Exercise goal: With the exception of the pictures, write out the data below precisely.

Supplied material:
********

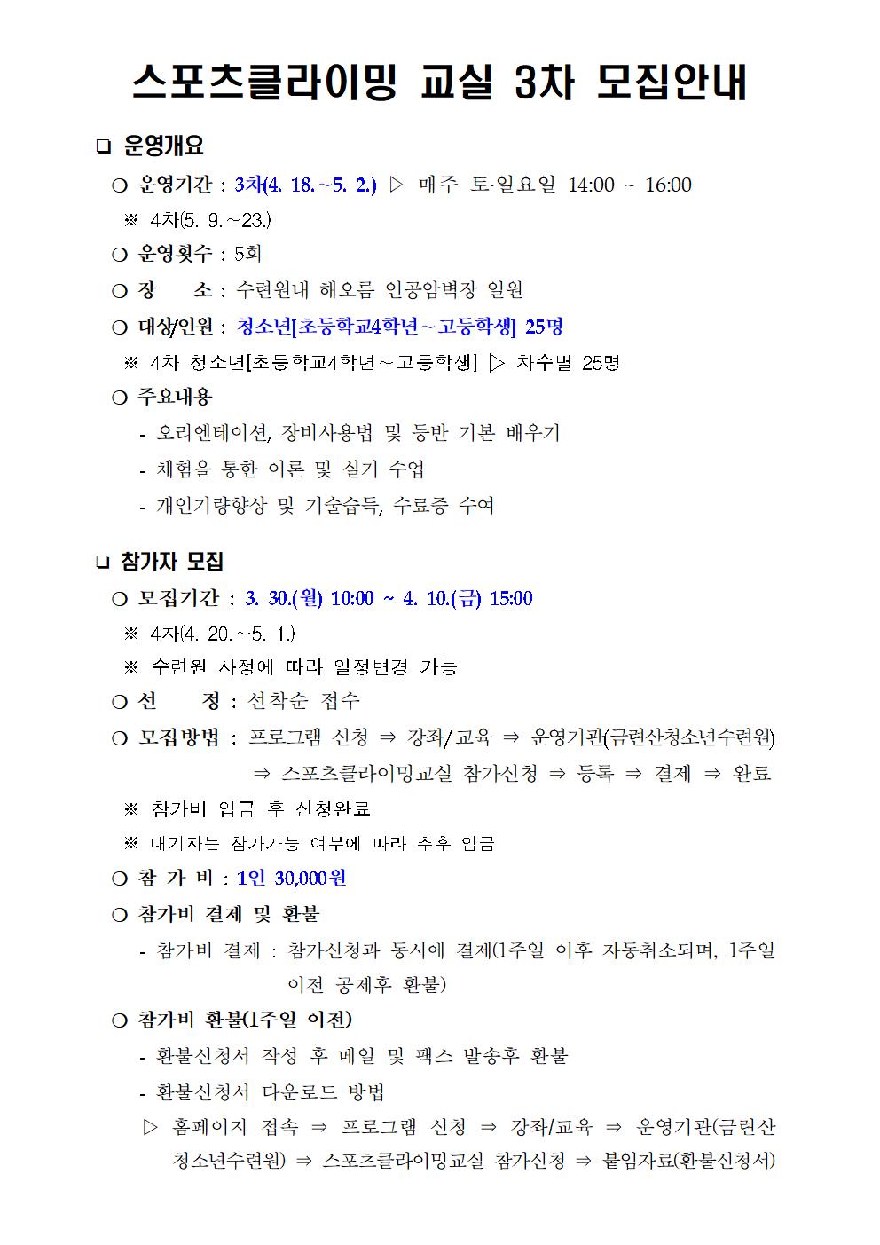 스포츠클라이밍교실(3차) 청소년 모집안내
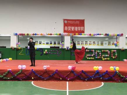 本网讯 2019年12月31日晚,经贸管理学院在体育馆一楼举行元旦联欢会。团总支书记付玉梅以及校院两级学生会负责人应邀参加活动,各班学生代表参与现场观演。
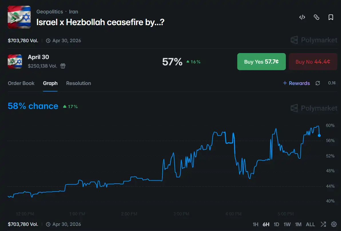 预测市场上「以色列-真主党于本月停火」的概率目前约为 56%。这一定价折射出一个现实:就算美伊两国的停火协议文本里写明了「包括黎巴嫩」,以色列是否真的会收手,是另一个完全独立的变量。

********

Written response:
 스포츠클라이밍교실(3차) 청소년 모집안내
 本网讯 2019年12月31日晚,经贸管理学院在体育馆一楼举行元旦联欢会。团总支书记付玉梅以及校院两级学生会负责人应邀参加活动,各班学生代表参与现场观演。
 预测市场上「以色列-真主党于本月停火」的概率目前约为 56%。这一定价折射出一个现实:就算美伊两国的停火协议文本里写明了「包括黎巴嫩」,以色列是否真的会收手,是另一个完全独立的变量。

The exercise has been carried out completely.